Ne faut-il pas reprendre à nouveaux frais cette question, en supposant qu’elle est le point d’une articulation entre, d’une part un actuel des nouvelles formes de subjectivité et, d’autre part, le travail analytique dont elle est la modalité d’accueil ?
Il semblerait que le plan de l’être, dans lequel se développe et s’écrit une subjectivité, se confonde avec cette dimension de l’avoir, laquelle, dans notre modernité, enveloppe le sujet. Ainsi se dessineraient les contours d’un paradoxe, confirmant la nécessité de la clinique analytique, dans laquelle s’entendent les nouvelles expressions symptomatiques, tout en rendant im-praticable, illisible, l’effectivité de l’analyse, comme expérience d’un réagencement des rapports au monde pour un sujet.
Faire droit à cet antagonisme, c’est peut-être engager la question du statut de l’argent dans la cure, de manière à concevoir comment, s’il peut être encore un principe pour le voyage analytique, il demande à être ré-inventé à chaque demande, tout autant qu’il consacre la coupure qu’effectue le sabre de la parole, seule arme dont dispose le psychanalyste.
Conditions
La capacité de mobilité constitue le pouvoir même du propriétaire, de celui qui détient les moyens de production si l’on se réfère à la terminologie marxienne. Outre le fait d’une distinction conceptuelle forte entre le prix et la valeur, Marx a montré comment la culture, issue du discours de la classe dominante, n’était qu’une superstructure, ayant pour fonction de légitimer en retour l’idéologie sur laquelle se conçoit le rapport de production d’une société.
Orientée toute entière vers la spéculation, cette culture permet au propriétaire de se maintenir dans les effets d’une toute-puissance qui n’est autre que le versant de la jouissance, celle d’une possible plus-value, entendue comme un plus-de-jouir.

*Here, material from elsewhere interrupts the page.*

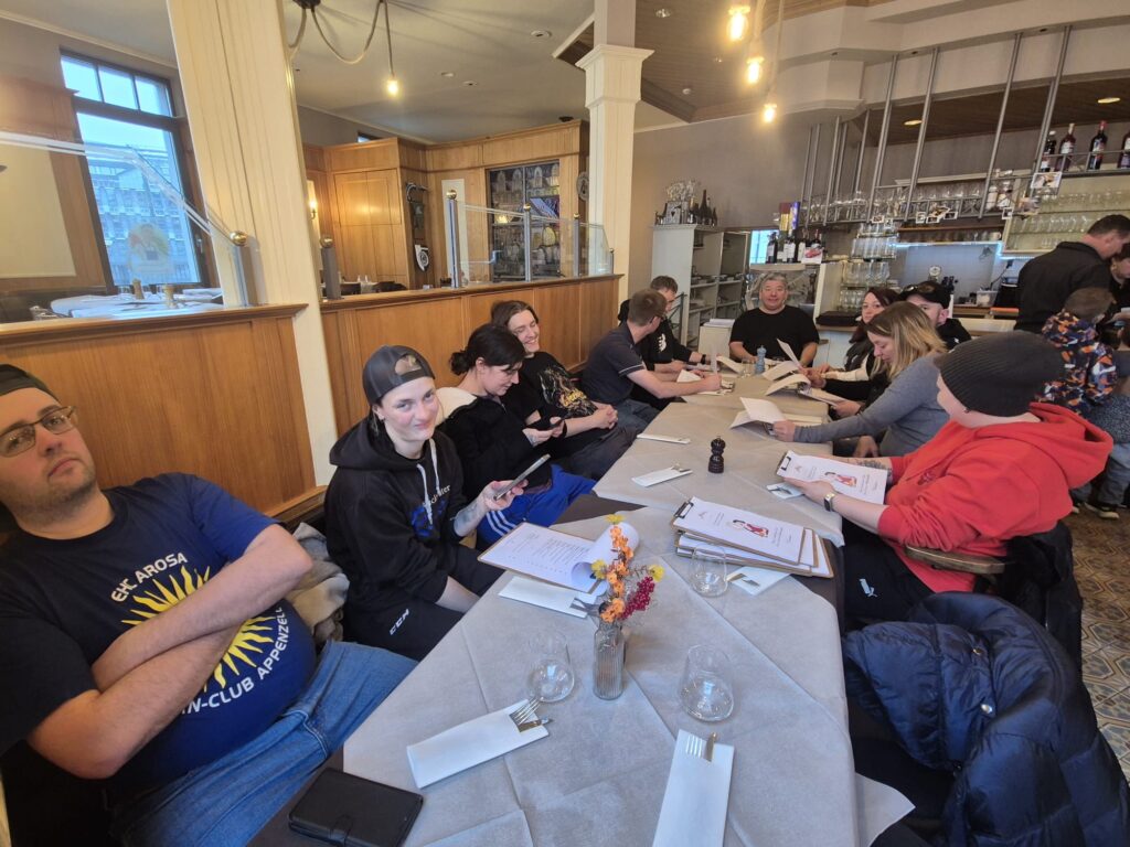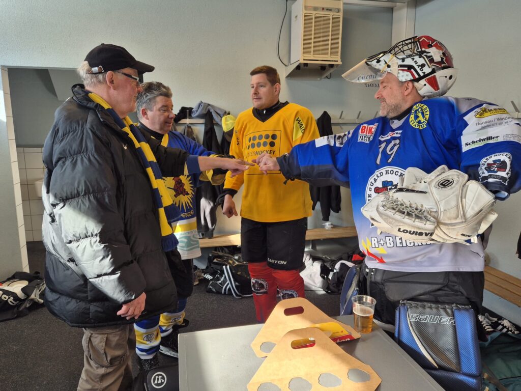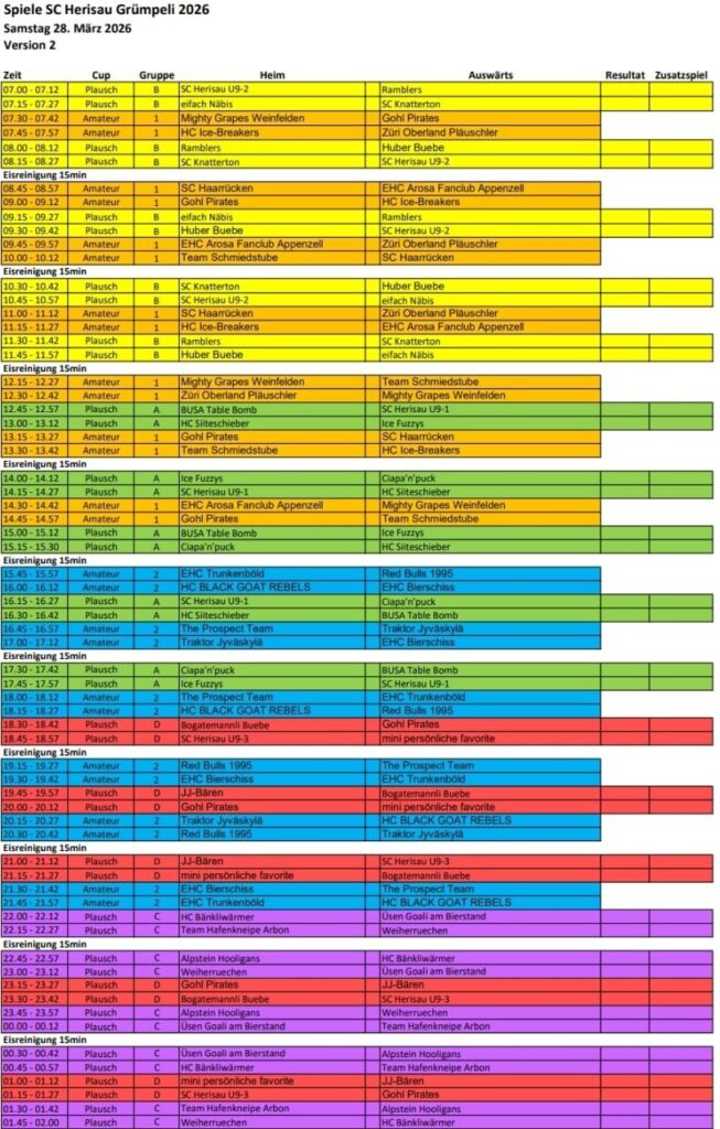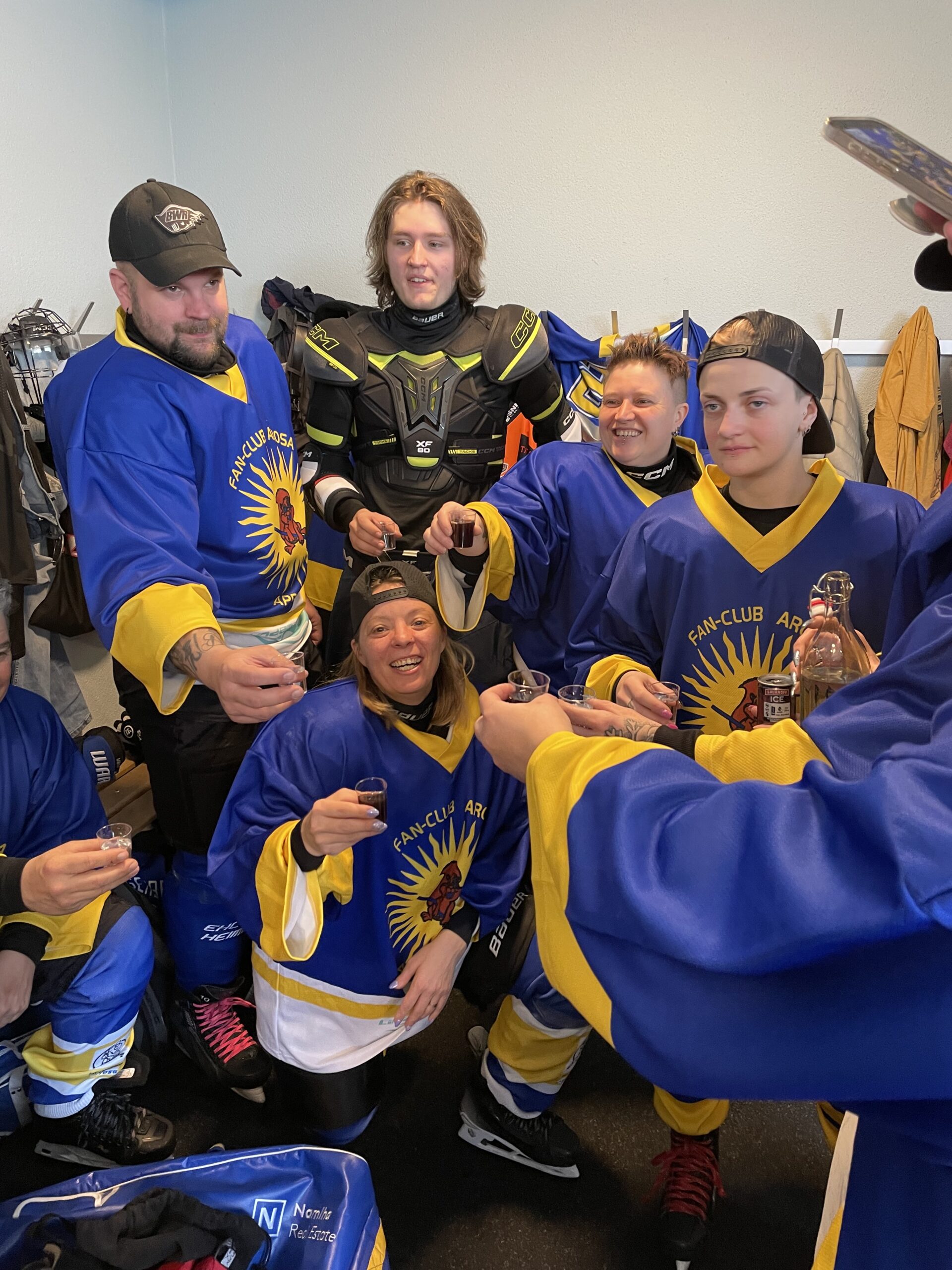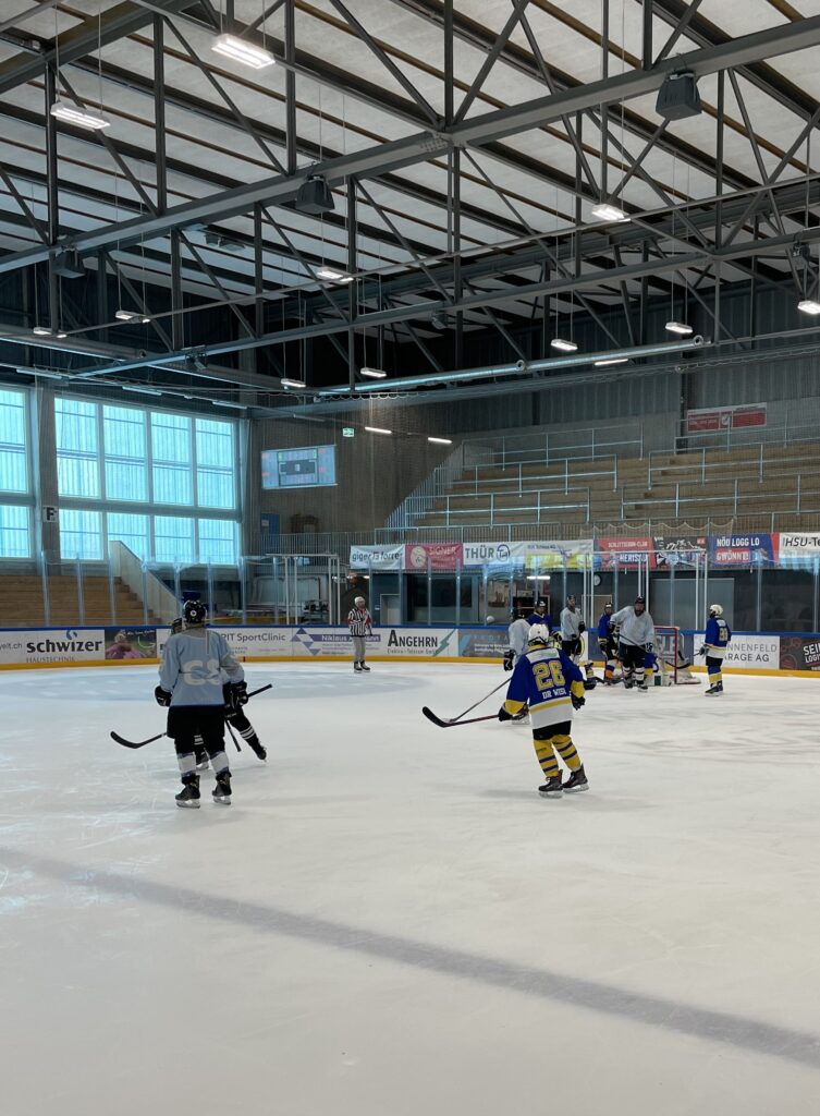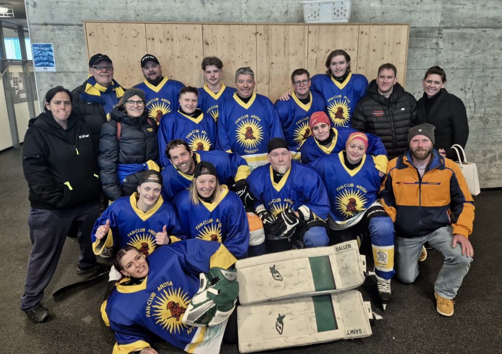 Am 28./29.März beehrt unser Hockeyteam das Plauschturnier in Herisau. Auf dem Spielplan seht ihr unsere Spiele und wenn ihr uns besuchen und anfeuern wollt seid ihr alle herzlich willkommenDa die Fanclub-SM aus undurchsichtigen Gründen abgesagt wurde schauten wir uns nach einer Alternative um und fanden das Plauschturnier in Herisau absolut passendWie man auf dem Spielplan sieht ging es bereits am Samstagmorgen los und so trafen sich die einen schon am Freitagabend und konzentrierten sich mit passender Unterstützung auf die SpielvorbereitungNoch ist die Garderobe etwas leer, doch bald gehts losAuch unser Staff Pädi1, Pädi2 und Pädi3 sind bereitDas erste Spiel gegen den SC Haarrücken oder so steht anAuch gegen die Züri Oberland Pläuschler wehrten wir uns mit allen KräftenZwar gingen beide Spiele knapp verloren, doch es machte allen grossen Spass, wiedermal auf dem Eis herum zu fahrenNun warteten noch die Ice Breakers auf uns, zu Beginn hielten wir gut mit und kassierten erst gegen Schluss die entscheidenden ToreDann gabs eine längere Pause und wie gewohnt wartete Berni’s Röteli auf unsAuch der Schnupf kam zum Zuge: Arosa, Litzirüti, Langwiiis…priiis und hopp ArosaHoppla, da wurde doch das Trikot verwechselt…aber sie macht sich gut damitAuch der Vorstand und der Ex-Presi hatten noch einige wichtige Dinge zu besprechenZum letzten Spiel warteten unsere langjährigen Freunde aus Weinfelden, die Mighty GrapesAuch hier gab unsere Abwehr allesund Goalie Käthiverhinderte manches Tor der Weinfelder, trotzdem verloren wir auch das letzte SpielUnser Goalie powerte mit Säntis EnergieNun ist das Turnier für uns vorbei, Zeit zum Ausruhen und die Geselligkeit pflegenUnsere Verteidigung ist immer noch voll im SchussHaaaalt, jetzt gibt es noch das MannschaftsphotoUnser Team, oben vl: Babs, Säntis, Berni, Mario, Tämi, Daniel, Casa, Markus, Severin, Pädi, Mama, untenvl: Denise, Frischi, Säxu, Flip, Brigitte, Tamara, Päde, vorne Goalie KäthiPuuuh, endlich ist die Eiszeit vorbei und das Vergnügen wartetIn der Herisauer Pizzeria ist alles bereit für einen ergiebigen und fein schmeckenden ZnachtBald gehts ins Bett und ein lässiger Anlass ist vorbei. Ein ganz grosses Dankeschön allen fürs Eis zerkratzen, Helfen, dumme Sprüche los werden, Getränkerunden spendieren und fötelen, bis zumnächsten Mal

Peut-être, est-ce là, ce que nous pourrions nommer la jouissance comme-une. Reste, que l’effet même d’une spéculation est davantage de reconnaître une place de sujet, même au prix d’un sujet jouissant, lié à la possession, plutôt qu’aux expressions du désir, d’autant que l’on voit mal comment la jouissance peut se passer de sa spécificité, de son propre (3), que sont les effets liés à la possibilité de la perte.
On peut entendre par ce biais que la construction imaginaire à l’argent n’est plus inscrite dans la capacité qu’elle offre, mais bien davantage à la confusion et cela au nom même d’une substitution de fonctions, entre l’argent conçu comme moyen, à l’argent comme finalité.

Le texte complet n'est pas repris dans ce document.